MrVicchio said:
Here's the thing that I find most disturbing about this entire thread. Do people actually believe this tripe that if a cure for cancer were found, it would be hidden so "big pharma" could keep raking in $$ on less effective treatments? I mean really? Some of you would actually believe that?
I do, but I have seen direct evidence that this is probably the case. Specifically, I once worked for a medical market research firm. One of our clients screwed up and sent us briefs on actual agents that had been developed for female pelvic adenosquamous carcinoma (ovarian, uterine, cervical). The survey that accompanied it (to be administered to oncologists) asked a series of questions whose aim was to discover what the minimum level of effectiveness the agent would need to have before the doctor would consider prescribing it. I had always thought that these were hypothetical questions, but the materials accompanying that survey named different agents, discussed their processes of manufacture, molecular structure, and details of small clinical trials that had been run on each. About six hours after they arrived, we got a frantic call from our client stating that we weren't supposed to have those and to return them immediately. I had been reading through them because that's what I thought I was supposed to be doing. It was clear to me, from the reading, that they actually had six agents whose effectiveness and side effect profiles were well known, and the idea was simply to discover which one they wanted to release, based on which one met the minimum marketable effectiveness.

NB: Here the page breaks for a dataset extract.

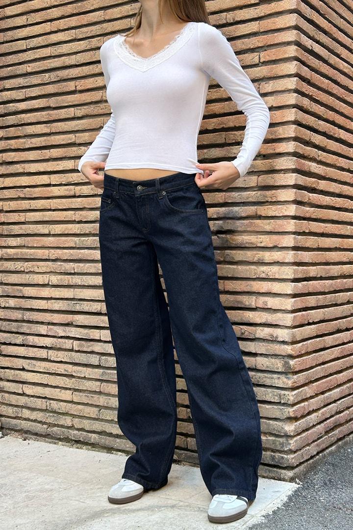 Wide leg jeans, low waist, button up and zip fastening, 4 pockets, belt loops, relaxed fit

I quit shortly after that. I wish I had had the presence of mind to photocopy that material before putting it in a Fedex box and returning it.
Goshin said:
Maybe they haven't considered that hundreds of "Big Pharma" executives are themselves subject to getting cancer... and so are their wives, children, parents, siblings, friends, cousins... and if the "cure" was made available only for the big shots and their families, that would still be thousands of people.... you couldn't keep it quiet. If you give The Cure to your wife's favorite Auntie, what happens when Auntie wants the cure for her daughter? Give it to her?
The Machiavellian answer is that you give your Aunt the cure, and when she wants it for her daughter (your cousin) you do the same. When she (your cousin) wants it for her boyfriend, you give him a placebo, he dies, and you explain that it's not really a cure, it doesn't work in every case, etc. As relationships radiate out from you (the Big Exec), there is a point before which everyone is an insider, and after which, everyone is an outsider. Those who are inside know it and know how to behave, including to whom they can give their affection. A single leak or two here or there ends up as some post on the internet somewhere, and is easy to cast as the work of a crackpot. The hullabaloo dies down pretty quickly, especially since there are plenty of real crackpots to muddy the waters.
The slightly more realistic answer is that things are more fragmented than this. The top execs have little idea what their chemists are working on, beyond finished product, but they nevertheless hold the power to release or not release a drug. The middle managers, the guys who run the chemists, do have an idea what they have, but have no power to release the drugs. And in fact there is no outright cure, just a particularly effective agent (as DCA is supposed by some to be--it doesn't work in every case). The top execs will not release for anyone without various bureaucratic hurdles being overcome and the middle managers can't argue that the agent is 100% effective, ergo, the situation you describe never arises. In the rare event it does, see paragraph above.